# Keith John Sutcliffe-Pekin



## R.Philip Griffin (Jan 16, 2006)

Keith John SUTCLIFFE-PEKIN DoB 1-05-1915. 
Keith was an Australian citizen who joined the Royal Merchant Navy in time for the WW2. In the remote possibility that anyone remembers Keith please get in touch, as his family have lost all contact/memory of him. 
A link with a British Government Dept. [Register of Seamen Cardiff] that handles / used to handle British Seamen would be a help, and perhaps I can get in touch with them directly.
Thanking you in anticipation.


----------



## Keith Adams (Nov 5, 2006)

I notice your request, as posted, ended up on its own page with no replies, so I am responding to bring it forward to ensure the UK crowd will see it Tues when they log-on ( 8 hr time difference and all in bed right now). Should be able to get all kinds of help on this as the lads know where all the records went
after Cardiff, Wales closure... some are even in Canada! Best wishes. Snowy


----------



## R.Philip Griffin (Jan 16, 2006)

Snowy, Many thanks for your kind reply. I didn't even know that Cardiff had closed-too long down under. Thanks once again.


----------



## redgreggie (Jun 13, 2005)

*Records*

Hello Grifmar,
You could try The National Archives,
Kew,
Richmond,
Surrey
TW9 4DU.

I lost my Seamans Discharge Book and they supplied me with photocopies of the pages.

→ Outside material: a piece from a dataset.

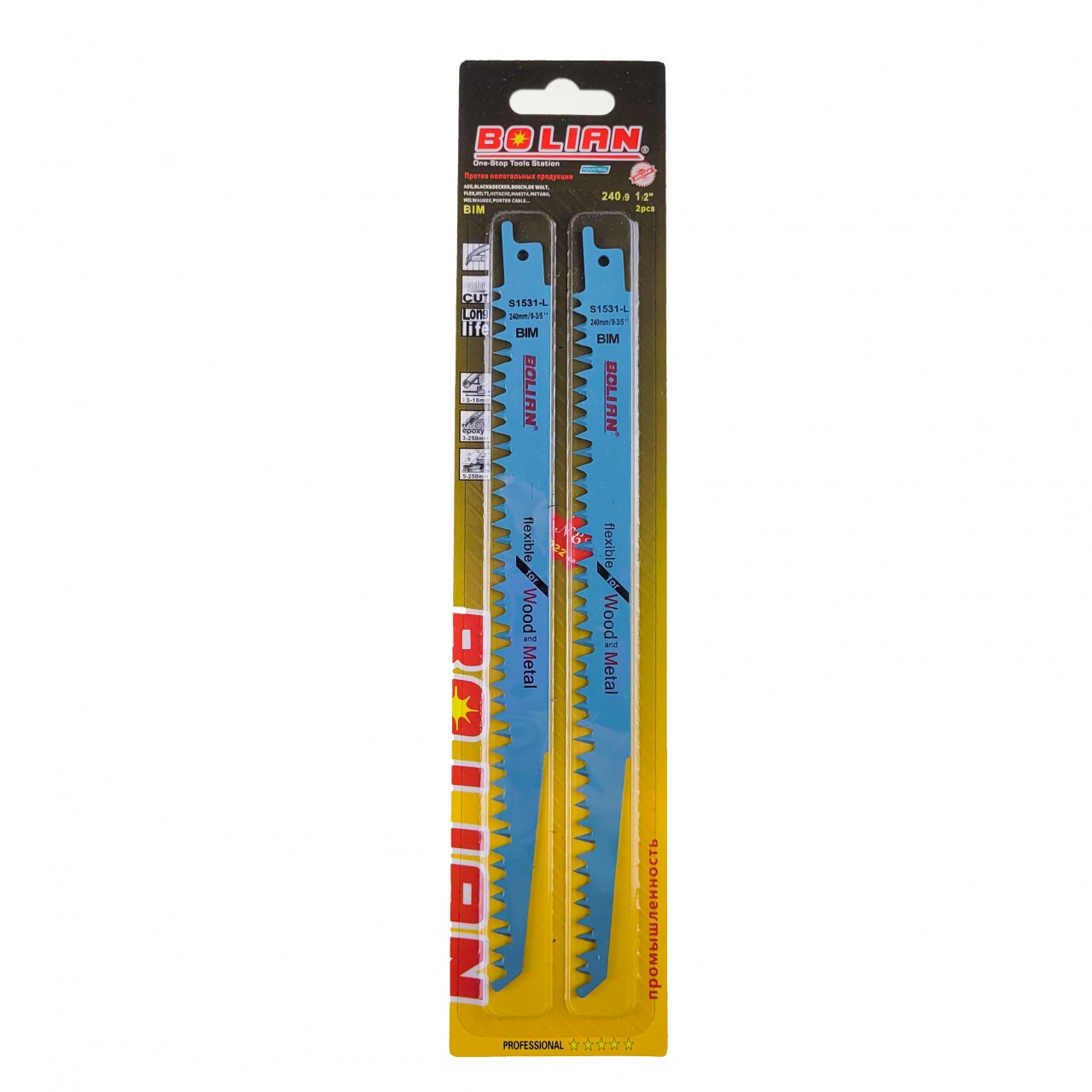 Cабельное пильное полотно S 1531 L for Wood and Metall обеспечивает чистые быстрые пропилы для удаления сучьев с древесных материалов даже с гвоздями. Острые шлифованные зубья подходят для эффективного удаления сучьев, а также предупреждает нанесение вреда растениям. Крупный шаг зубьев и крупные углубления обеспечивают эффективное удаление материала при быстрой резке. Полотно биметаллическое (BIM) для сабельных пил изготовлено из углеродистой инструментальной стали с фрезерованными волнистыми зубами из быстрорежущей стали. В комплекте 2 пилки. Оснастка для электроножовок от «Bolian» устойчива к износу и имеет длительный срок эксплуатации.

They have an email address of [email protected]

possibly worth a try, nothing lost in trying is there, my experience with them is they are very laid back, but if the result is what you want then you can bear with it.


----------



## R.Philip Griffin (Jan 16, 2006)

Ahoy Redreggie, Many thanks for your suggestion. I shall follow it up with an e-mail provisionally, and a snail mail to follow. As you say nothing is lost by trying. This was just the info I needed. If hte thread hangs around I'll post my findings.


----------



## Gulpers (Sep 8, 2005)

GRIFMAR,

Here you go.

http://www.mcga.gov.uk/c4mca/mcga-seafarer_information/mcga-rss-home/dops_-_west-newpage-5.htm

Once you open the url, follow the link to "Information Leaflet Historical Records" - that'll point you in the right direction!

Good luck. (Thumb)


----------



## R.Philip Griffin (Jan 16, 2006)

Ahoy Ray, I have printed off the 16 pages forming this do***ent, which I shall keep for future reference. I shall be writing another letter to this Archive and hope to find out about Mr. Pekin. Many thanks for your contribution to my hunt. I think this is the ONE.


----------



## Gulpers (Sep 8, 2005)

R.Philip Griffin said:


> Ahoy Ray, I have printed off the 16 pages forming this do***ent, which I shall keep for future reference. I shall be writing another letter to this Archive and hope to find out about Mr. Pekin. Many thanks for your contribution to my hunt. I think this is the ONE.


My pleasure. I hope you're research is successful. (Thumb)


----------



## Colleen Pekin (Jan 25, 2012)

*Any further information available??*

Keith Pekin was my husband's uncle. Both of his brothers died not knowing what happened to him, where he went after WW2. Keith's sister in law, Beau, is still alive - she is 98. It would be great to solve this family mystery. 
Any further information would be appreciated.


----------